# Exploration

### In this notebook we'll take a look at the 3 implementations and test them on 3 different examples & compare the results.

First we'll import all 3 implementations

In [6]:
from src.lexicon_absa import LexiconABSA
from src.transformer_absa import ML_ABSA
from src.llm_asba import LLMABSA

Now we will initiate the models, and create our basic test, containing 3 samples, 1 Simple case, 1 Complex case, and 1 Edge case.

In [3]:
models = [LexiconABSA(), ML_ABSA(), LLMABSA(), LLMABSA("mistral:7b")]
tests = [
    "The movie was a masterpiece — I almost fell asleep.",
    "The camera quality is amazing but the battery life is awful.",
    "The restaurant has a modern interior and the food is fine."
]



Finally, iterate through our models and use them with our test sample.

In [4]:
for model in models:
    print("=" * 100)
    print(f"Model: {model.name}\n")

    for sample in tests:
        print(f"Sentence: {sample}\n")
        results = model.analyze(sample)
        if not results:
            print("No aspects found!\n")
        else:
            for r in results:
                print(f" Aspect: {r.aspect:25} | Sentiment: {r.sentiment:8} | "f"Confidence: {r.confidence:.2f} | Span: {r.text_span}")
            print()

Model: LexiconABSA

Sentence: The movie was a masterpiece — I almost fell asleep.

No aspects found!

Sentence: The camera quality is amazing but the battery life is awful.

 Aspect: quality                   | Sentiment: positive | Confidence: 0.59 | Span: (11, 18)
 Aspect: life                      | Sentiment: negative | Confidence: 0.46 | Span: (46, 50)

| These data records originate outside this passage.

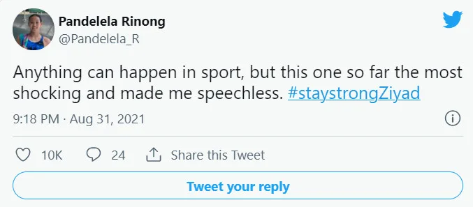 “Anything can happen in sport, but this one so far is the most shocking and made me speechless. #staystrongZiyad,” she tweeted.
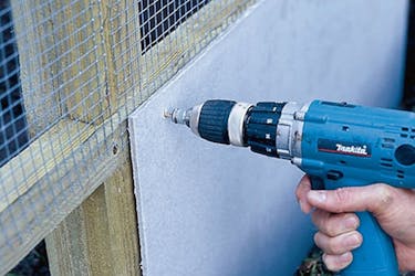 Eternitpladerne graves ned i jorden og fastgøres hele vejen rundt til de vandrette lægter med 4 x 50 mm climateskruer gennem forborede huller.
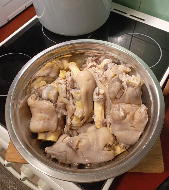 Сливаем первый мутный бульон, промываем ножки и кастрюлю, заново наливаем холодной воды и ставим вариться уже «по-настоящему».

Sentence: The restaurant has a modern interior and the food is fine.

 Aspect: interior                  | Sentiment: neutral  | Confidence: 0.00 | Span: (28, 36)
 Aspect: food                      | Sentiment: positive | Confidence: 0.20 | Span: (45, 49)

Model: ML_ABSA

Sentence: The movie was a masterpiece — I almost fell asleep.

 Aspect: The movie                 | Sentiment: positive | Confidence: 0.99 | Span: (0, 9)
 Aspect: a masterpiece             | Sentiment: positive | Confidence: 0.97 | Span: (14, 27)

Sentence: The camera quality is amazing but the battery life is awful.

 Aspect: The camera quality        | Sentiment

# Results

### Lexicon ASBA

The LexiconABSA model uses a rule based approach, using spaCy to identify aspects and VADER for sentiment scoring.
It identifies nouns and noun phrases as potential aspects and then looks for adjectives or verbs that modify them.
It then calculates the sentiment score of those modifiers using VADER’s polarity scores, in order to determine whether the aspect is expressed positively, negatively, or neutral.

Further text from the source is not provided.